Now comes the hardest part, he acknowledges: Finding ways to scratch what will eventually become an insatiable competitive itch. There’s no describing the feeling to those who’ve never done it, he said. It’s the most distilled form of competition, human vs. human, no teammates to blame to instant replays to fume over.
“I was kind of surprised when he announced it,” Kendel said. “I think he did that just so I could help him stick to it. When he publicly announces it, people will hold him to it. I know he’ll be tempted to go back to it, for sure. He loves it.”

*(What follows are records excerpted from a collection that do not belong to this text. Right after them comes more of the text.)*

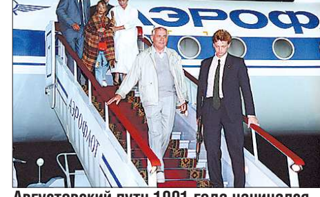
Августовский путч 1991 года начался как типичный дворцовый переворот. Заговорщики не учли одного: вкушавшие политических свобод москвичи вышли на защиту Белого дома. Провал заговора означал переворот «наоборот»: произошёл мгновенный демонтаж прежней политической системы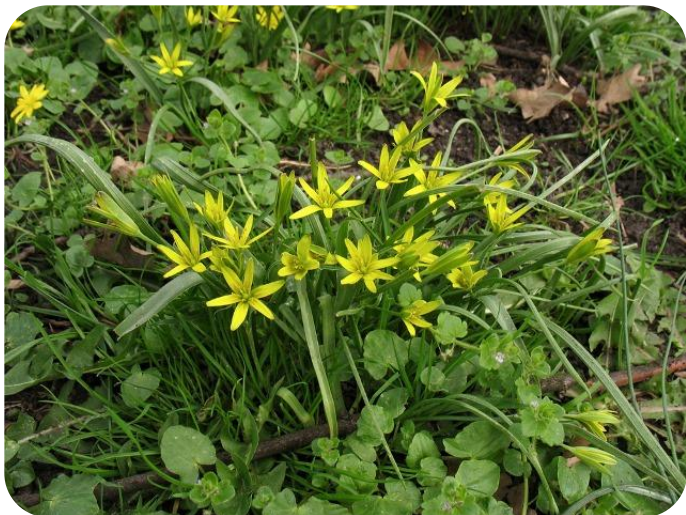
Гусиный лук луговой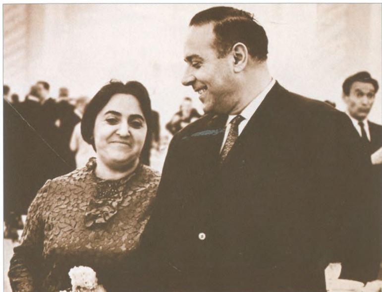
Zərifə xanım Əliyeva və Heydər Əliyev oftalmoloqlar konfransında, oktyabr 1977-ci il.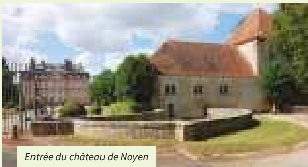
Entrée du château de Noyen

Sa construction date des XII e et XVI e siècles. Sous l'autel est inhumé le cœur de François de Carnavalet.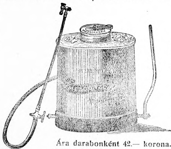
Ára darabonként 42.— korona.

CS. és KIR. UDV. MÜKERTÉSZ ÉS FAISKOLA-TULAJDONOS Budapest, VIII., Kálvária-tér 8. Árjegyzék ingyen és bérmentve.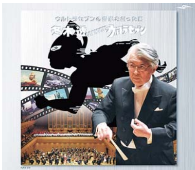
©ユニバーサル ミュージック ©円谷プロ 冬木透 CONDUCTS ウルトラセブン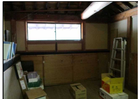
小屋裏物入 だて2階部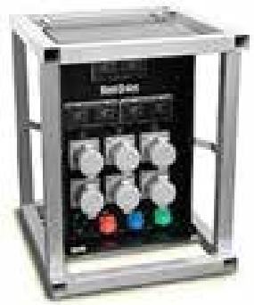
Panneau de distribution 480V

L'équipe de techniciens qualifiés de Red-D-Arc s'assure que vous disposez d'un système de distribution électrique sûr, fiable et efficace pour votre prochain travail ou projet.

In a career once defined by risk, O’Connell is moving on. He has to figure out how to cash a $1 million check. By rule, he has to wait until his drug test clears him, then the athletic commission clears the next phase. His dream is to eventually buy a spot on Oahu, but with a young family that includes an Italian Mastiff named “Mr. President,” that might have to wait a while.
“Everyone I’ve talked to asks, ‘What are you going to do with a million bucks?’” he said.